TO DO — In the records below, find the line with "צפו: אחרי הסכם" and the line with "Kippmulde ausrasten, damit"; return exactly those lines and every line between them.

INPUT DATA —
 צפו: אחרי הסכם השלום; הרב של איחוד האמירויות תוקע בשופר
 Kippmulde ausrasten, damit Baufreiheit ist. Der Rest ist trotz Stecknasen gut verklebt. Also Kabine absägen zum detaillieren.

...

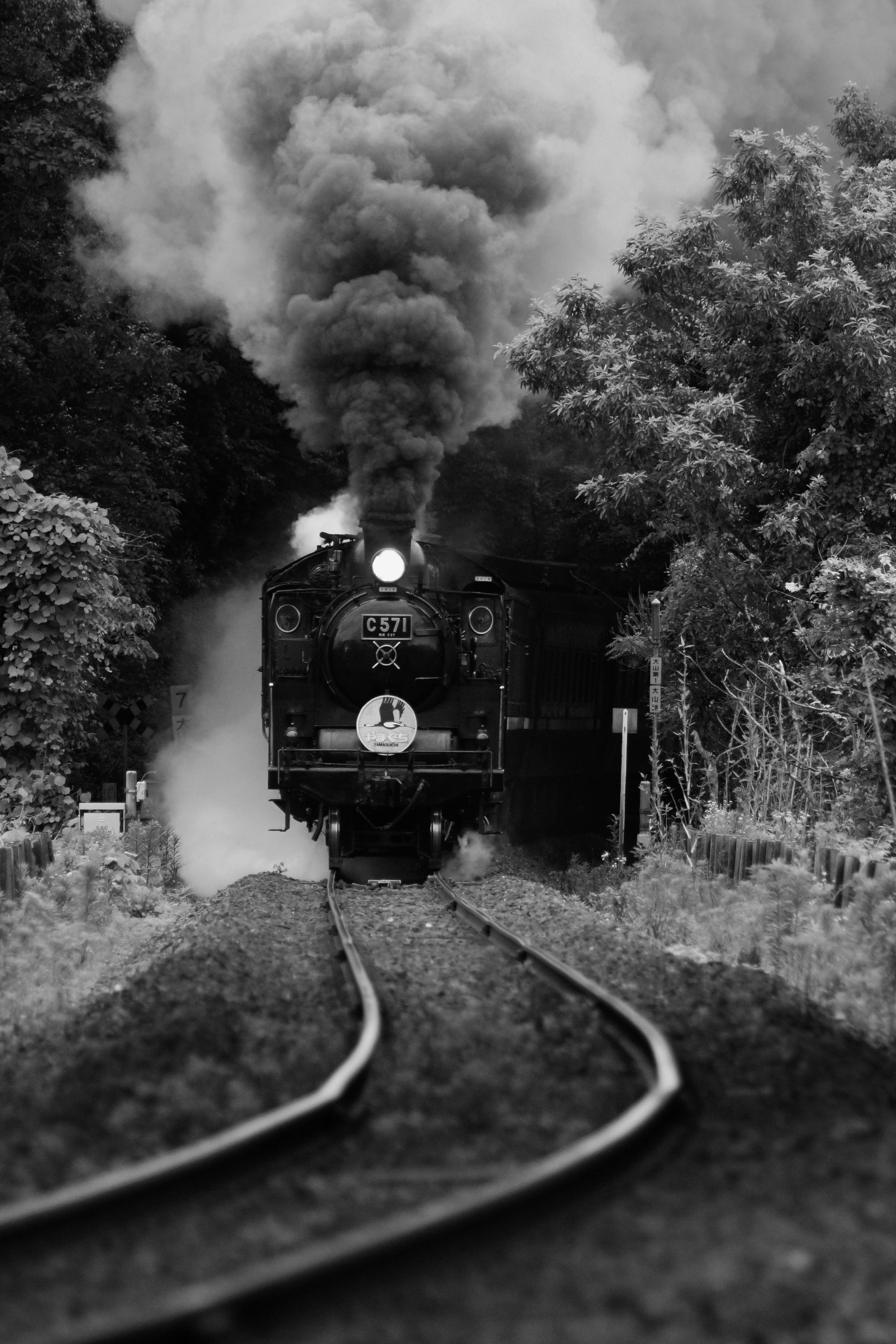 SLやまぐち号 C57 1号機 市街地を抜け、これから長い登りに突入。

---

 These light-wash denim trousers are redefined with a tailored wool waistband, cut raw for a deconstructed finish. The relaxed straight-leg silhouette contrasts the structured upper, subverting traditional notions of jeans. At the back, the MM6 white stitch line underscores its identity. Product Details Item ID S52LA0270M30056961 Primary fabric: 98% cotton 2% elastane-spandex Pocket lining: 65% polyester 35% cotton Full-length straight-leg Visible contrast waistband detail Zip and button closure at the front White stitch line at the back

RESULT FOR THIS TASK —
 צפו: אחרי הסכם השלום; הרב של איחוד האמירויות תוקע בשופר
 Kippmulde ausrasten, damit Baufreiheit ist. Der Rest ist trotz Stecknasen gut verklebt. Also Kabine absägen zum detaillieren.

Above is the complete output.